Then there’s latency. A request times out — but what actually happened? Was the provider slow? Did the request even reach it? Should you retry it or not? Without visibility into upstream behavior, you’re operating blind.

Even semantic caching, which looks almost magical at first, becomes a tuning problem. Similarity thresholds that worked in testing suddenly feel off. Some responses are reused too aggressively, others not at all. Without insight into what the system is actually doing, you’re left adjusting numbers and hoping for the best. This is all similar to how prompts are tuned — but here, the feedback loop is missing.

Finally, the moment that exposes everything: deployment.

You restart the service during traffic, and suddenly there are dropped requests, inconsistent responses, and unpredictable behavior. What worked perfectly in isolation now reveals gaps in lifecycle handling.

The Missing Layer: LLM Systems Have No Traffic Control

What all of this points to is a deeper issue.

LLM applications don’t just need optimization. They need a control layer.

In traditional systems, we never send traffic directly to application logic. There is always a layer in front — something that validates, routes, filters, and observes. Tools like Nginx became essential not because they were convenient, but because they made systems predictable.

LLM systems are now facing the same reality.

From Calling Models to Controlling Requests

When you introduce a control layer in front of LLMs, the perspective changes.

The question is no longer just “how do I call the model?” but “should this request reach the model at all?”

Is it valid? Has it already been answered? What happens if it fails?

Cost optimization becomes a side effect of something bigger: managing traffic properly.

From Caching to Control: What Changed in Real Deployments

This is where the AI Cost Firewall evolved.

It started as a caching layer — combining exact matches in Redis with semantic search in Qdrant. That alone reduced a significant portion of redundant requests.

But real deployments made it clear that caching is only the beginning. The system needed to behave predictably under load, during failures, and across deployments. So the focus shifted.

Readiness and liveness became explicit, separating a healthy process from one that is actually ready to handle traffic. Shutdown behavior was redesigned to drain in-flight requests instead of dropping them. Restarts became controlled events rather than risky moments.

Errors were no longer just errors. They were classified: validation issues, upstream timeouts, provider failures, internal faults — each telling a different story about what went wrong.

Upstream behavior stopped being a black box. Latency became measurable, timeouts became visible, and slow responses could finally be distinguished from real failures.

Semantic caching also became observable. Instead of guessing whether it works, you can now see how many candidates are evaluated, how often thresholds pass or fail, and how long lookups take. What used to feel like a heuristic now becomes something you can tune with confidence.

And perhaps most importantly, the system itself became visible while it runs. You can tell whether it is ready, whether it is shutting down, and how it behaves under real traffic — not just in theory.

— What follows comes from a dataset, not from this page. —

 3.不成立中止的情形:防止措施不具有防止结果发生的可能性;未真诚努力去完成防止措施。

At this point, semantic caching stops being a black box.

This is what diagnostics visibility looks like in practice:

Screenshot: AI Cost Firewall Diagnostics Dashboard

Instead of guessing thresholds, you now have feedback. Instead of assumptions, you have data.

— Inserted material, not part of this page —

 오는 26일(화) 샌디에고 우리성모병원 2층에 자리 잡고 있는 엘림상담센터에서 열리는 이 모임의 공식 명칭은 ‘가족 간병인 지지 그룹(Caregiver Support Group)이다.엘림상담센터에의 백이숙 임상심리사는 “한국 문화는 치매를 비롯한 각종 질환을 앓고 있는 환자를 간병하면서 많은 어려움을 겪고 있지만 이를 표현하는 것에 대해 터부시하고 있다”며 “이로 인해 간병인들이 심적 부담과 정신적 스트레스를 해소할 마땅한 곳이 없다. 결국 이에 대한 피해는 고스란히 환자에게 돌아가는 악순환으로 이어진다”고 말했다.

Why Predictability Matters More Than Features

None of these changes are flashy.

They don’t improve model quality or add new capabilities.

But they solve something more fundamental: they make the system predictable.

And without predictability, cost optimization doesn’t hold.

Caching Starts It, Control Makes It Work

Reducing LLM costs is easy when everything is controlled and small.

It becomes difficult when requests grow, failures mix together, and systems need to operate continuously under real conditions.

At that point, the problem is no longer about saving tokens. It’s about understanding and controlling the flow of requests before they ever reach the model.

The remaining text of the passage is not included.